Download from [Zenodo](https://zenodo.org/records/14272215):
- `lookup_embeddings.npy` → `data/`
- `lookup_embeddings_meta_data.tsv` → `data/`
- `pfam_new_proteins.npy` → `data/`

In [None]:
import numpy as np
import matplotlib.pyplot as plt
import pandas as pd
import seaborn as sns
from pathlib import Path

# Add repo root to path
import sys
repo_root = Path.cwd().parent.parent
sys.path.insert(0, str(repo_root))

In [None]:
from protein_conformal.util import (
    load_database, query, read_fasta,
    get_sims_labels, simplifed_venn_abers_prediction
)

## 1. Load Query Embeddings (JCVI Syn3.0)

In [None]:
# Load pre-computed embeddings for JCVI Syn3.0 unknown genes
data_dir = repo_root / 'data'
query_embeddings = np.load(data_dir / 'gene_unknown' / 'unknown_aa_seqs.npy')
print(f"Query embeddings shape: {query_embeddings.shape}")

# Load sequence metadata
query_fastas, query_metadata = read_fasta(data_dir / 'gene_unknown' / 'unknown_aa_seqs.fasta')
print(f"Number of sequences: {len(query_fastas)}")

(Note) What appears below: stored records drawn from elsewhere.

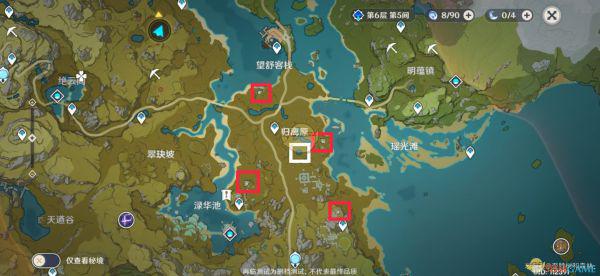 此任务没有任务提示,具体地点在下图标出,先去四个红框开启机关收集任务道具,集齐后返回NPC处与NPC对话,与NPC对话完成后,到下图白框处开启宝箱机关,之后再返回客栈交付任务
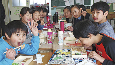旭小学校(橋本/二宮昭夫校長)6年1組の児童が開発したオリジナル駅弁の試食会が2月17日、同組の教室で行われた。
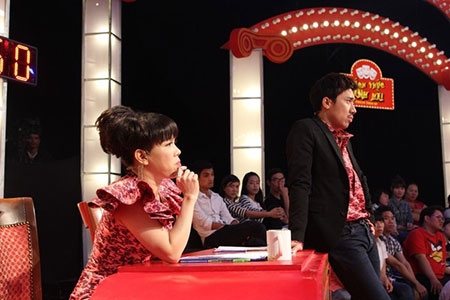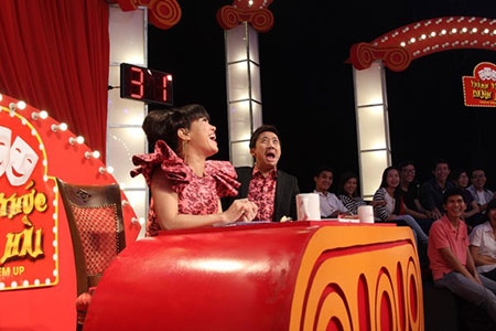 Trấn Thành và Việt Hương chăm chú theo dõi tiết mục của Hoàng Sơn |
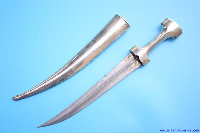 This Jambiya dagger is from the Balkan region of the ottoman empire, may be Albania, mid 19 C. Good blade well forged from Sham steel (Low contrast wootz steel) 13 inches long, with medial ridge and Arabic inscription in gold inlay work. Whole silver handle and scabbard, with a silver proof mark (Tughra ) on the back of the scabbard. Total length 21 inches. Very good condition of scabbard and handle. A good polish is needed for the blade which is unfortunately scratched. |
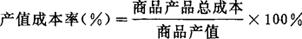释义 | 产值成本率 亦称百元产值成本,它反映了生产成本和产品产值的对比关系,一般以一定时期内商品总成本和商品产值之间的比率来表示,其计算公式如下: 在实际工作中,通常用金额来表示,即计算百元产值成本。 其计算公式如下: 以上两种表示方法虽然形式不同,而其作用是一样的。例如,产值成本率为65%,即指每百元产值的成本是65元。 产值成本率可以与上期对比,以观察成本对总产值比例的变动情况。 |
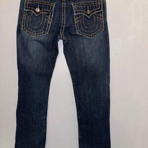 This listing is for a pair of True Religion jeans, bluish grey, in a good used condition. Please ask any questions related to the item. Any reasonable offers welcomed. Straight leg. They have a button that was replaced. The front button is not original as the other one got lost. They are lighter than on the photos.
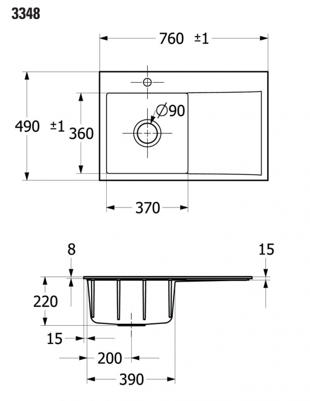 - Spülenmaße: L x B 760 x 490 mm
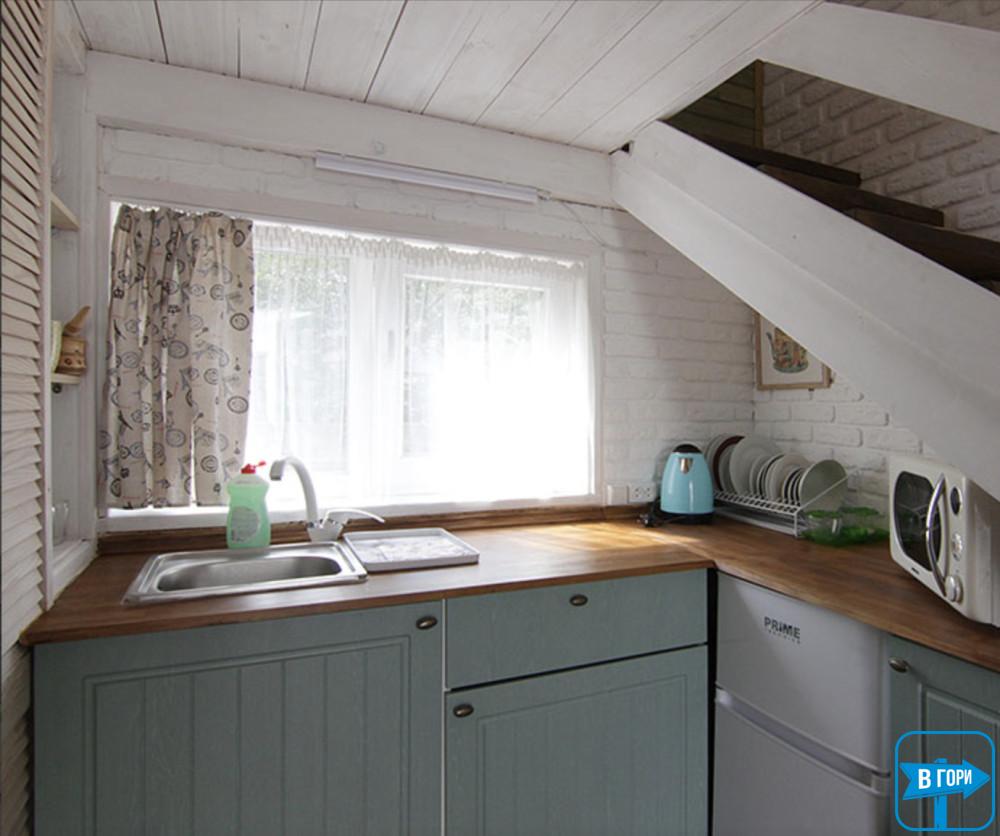 На першому поверсі – кухня-вітальня (електрична плита, мікрохвильова піч, холодильник, електрочайник, мийка, посуд, обідній стіл, розкладний диван, телевізор); санвузол (душова кабіна, туалет, умивальник).

## 2. Load Database (UniProt with Pfam annotations)

In [None]:
# Load UniProt embeddings and metadata
embeddings = np.load(data_dir / 'lookup_embeddings.npy')
lookup_proteins_meta = pd.read_csv(data_dir / 'lookup_embeddings_meta_data.tsv', sep="\t")
print(f"Database size: {len(embeddings)} proteins")

# Filter to proteins with Pfam annotations
column = 'Pfam'
col_lookup = lookup_proteins_meta[~lookup_proteins_meta[column].isnull()]
col_lookup_embeddings = embeddings[col_lookup.index]
col_meta_data = col_lookup[column].values
print(f"Proteins with Pfam: {len(col_lookup_embeddings)}")

# Build FAISS index
lookup_database = load_database(col_lookup_embeddings)

## 3. Search for Nearest Neighbors

In [None]:
# Query for the 1st nearest neighbor
k = 1
D, I = query(lookup_database, query_embeddings, k)
D_max = np.max(D, axis=1)
print(f"Similarity scores range: [{D_max.min():.6f}, {D_max.max():.6f}]")

## 4. Compute Venn-Abers Calibrated Probabilities

In [None]:
# Load calibration data
cal_data = np.load(data_dir / 'pfam_new_proteins.npy', allow_pickle=True)

# Prepare calibration set
n_calib = 100
np.random.seed(42)
np.random.shuffle(cal_data)
cal_subset = cal_data[:n_calib]
X_cal, y_cal = get_sims_labels(cal_subset, partial=False)
X_cal = X_cal.flatten()
y_cal = y_cal.flatten()

# Compute probabilities for each query
p_s = []
for d in D:
    p_0, p_1 = simplifed_venn_abers_prediction(X_cal, y_cal, d)
    p_s.append([p_0, p_1])
p_s = np.array(p_s)

# Check calibration quality (uncertainty should be low)
abs_p = [np.abs(p[0] - p[1]) for p in p_s]
print(f"Max |p0 - p1|: {max(abs_p):.4f} (should be close to 0)")

## 5. Apply FDR Threshold

In [None]:
# Paper-verified FDR threshold at alpha=0.1
l_hat = 0.999980225003127

# Count hits above threshold
hits = (D_max > l_hat).sum()
total = len(D_max)
print(f"\n=== JCVI Syn3.0 Annotation Results ===")
print(f"Total queries: {total}")
print(f"Confident hits: {hits}")
print(f"Hit rate: {hits/total*100:.1f}%")
print(f"FDR threshold (alpha=0.1): {l_hat:.10f}")

## 6. Visualize Results

In [None]:
# Histogram of similarity scores
fig, axes = plt.subplots(1, 2, figsize=(12, 4))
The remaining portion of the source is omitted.